• **MATERIAL PROVIDED**
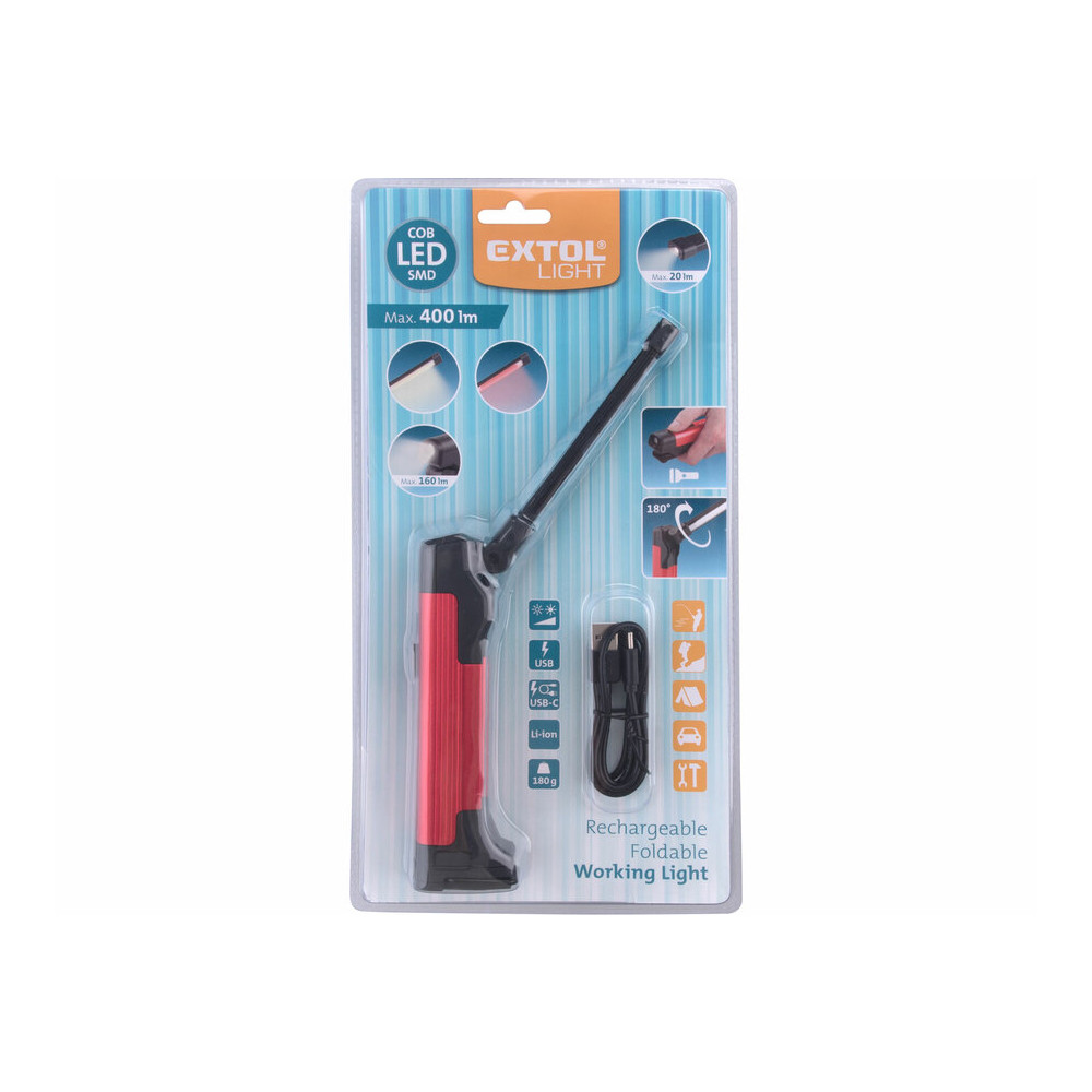 Extol Light LED munkalámpa, USB tölthető; 400 Lm, Li-ion akku
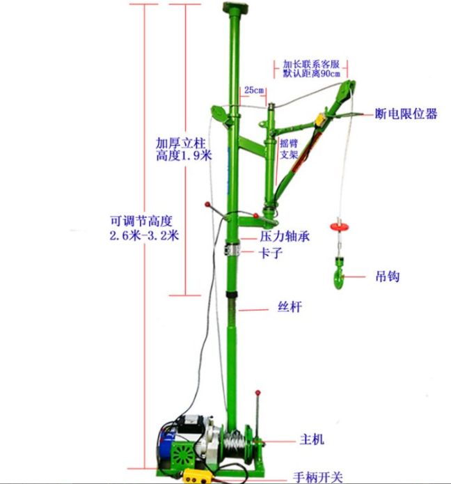 單立柱吊運機(jī)的優(yōu)點是上頂天下頂?shù)兀惭b簡單,不用打孔,吊臂可360度旋轉(zhuǎn),支撐桿高度可以調(diào)節(jié),電機(jī)帶離合可快速下放,一秒到底,可在室內(nèi)、樓道、陽臺等上下距離不太高的場合吊裝沙子、水泥、門窗、護(hù)欄等,簡單好用,攜帶方便。
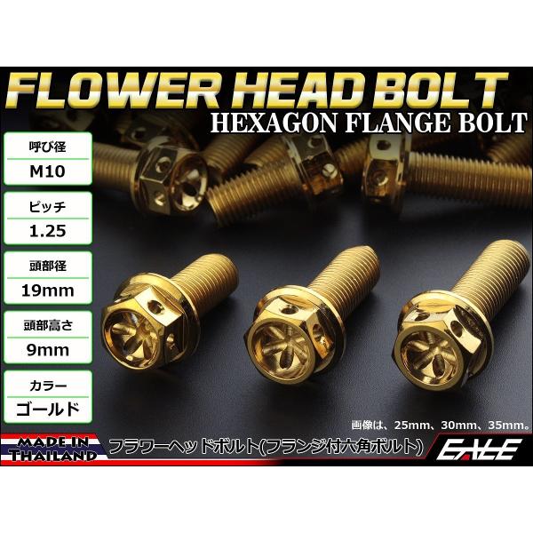 M10×40mm フラワー ヘッド ボルト ステンレス 削り出し フランジ付六角ボルト フレームやエンジン周りに ゴールド TB0526
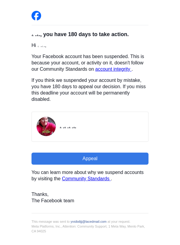Action needed on your Facebook account
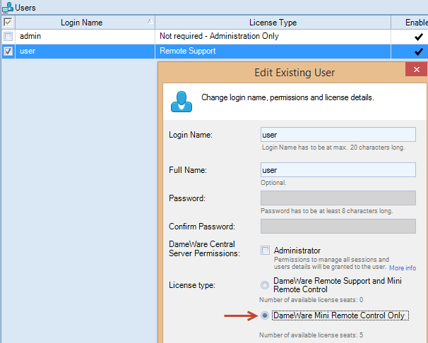 - The default administrator account does not affect your license count because it is not licensed to use Dameware Remote Support, Dameware Mini Remote Control, or the Dameware Mobile Client.

• **ABOUT THIS TASK**
Copy exactly the lines running from the beginning of the listing through the line that has "Action needed on your Facebook account". Drop the pictures.

• **ANSWER TO THIS EXERCISE**
 Extol Light LED munkalámpa, USB tölthető; 400 Lm, Li-ion akku
 單立柱吊運機(jī)的優(yōu)點是上頂天下頂?shù)兀惭b簡單,不用打孔,吊臂可360度旋轉(zhuǎn),支撐桿高度可以調(diào)節(jié),電機(jī)帶離合可快速下放,一秒到底,可在室內(nèi)、樓道、陽臺等上下距離不太高的場合吊裝沙子、水泥、門窗、護(hù)欄等,簡單好用,攜帶方便。
 M10×40mm フラワー ヘッド ボルト ステンレス 削り出し フランジ付六角ボルト フレームやエンジン周りに ゴールド TB0526
Action needed on your Facebook account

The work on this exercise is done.